We (André and I) posted about this previously.

In addition to commercial and type-in offerings, three implementations have jumped out in the recent discussion:
- a version for the Atom was ported by Dave to the Beeb's second processor, and then converted to use Tony Finch's List Life algorithm, which had to be ported from C to 6502. This turns out to be nice and fast and offers a large 32k by 32k universe.
- Litwr brought in his Xlife-8 implementations, which use some of the tactics from the Unix program Xlife, again ported from C to 6502. This ends up having a smaller universe, but is the fastest we've seen, especially on small patterns.
- A friend of mine made available his 6502 code from 1988, which uses a different list-based approach, turning out to be faster than Dave's version but with a universe of 1k by 1k. There are ways to improve this, which Dave is presently pursuing. Indeed, Dave has a great diagram of the innards of the present code - see attached.
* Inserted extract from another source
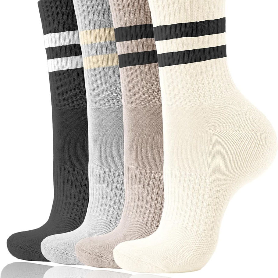 【Ajuste clásico y seguro】Hechos para adaptarse a las tallas de mujer de EE. UU. 5 a 11, estos calcetines a rayas se adaptan a la mayoría de mujeres y niñas. Los puños elásticos acanalados ayudan a mantenerlos en su lugar sin deslizarse ni clavarse. Disponible en versiones acolchadas o no acolchadas para comodidad durante todo el día que mantiene tus pies frescos y secos.

Here's a screen from Xlife-8:
Image

Here's a screen from Life88:
Image

Here's a video of some patterns running on these programs. Here's Xlife-8 running on a C64.

What we note, then, is
- the fastest evaluation is on a finite grid
- a list structure allows for a much larger universe
- a combination of a list with a bitmap gives the best result
- modern life programs use huge datastructures, huge tables, and 32-bit or 64-bit arithmetic, none of which are much help for a 6502.
- it's interesting to find a good way to partition computation and display, on a two-processor Acorn BBC.

I expect there's a lot more to be said, about algorithms used and ideas for improving them!


Attachments:
File comment: Data flow in Life88, drawn by DaveB
Life88-diagram-DaveB.png
Life88-diagram-DaveB.png [ 176.28 KiB | Viewed 4372 times ]


Last edited by BigEd on Sun Apr 12, 2020 5:03 pm, edited 1 time in total.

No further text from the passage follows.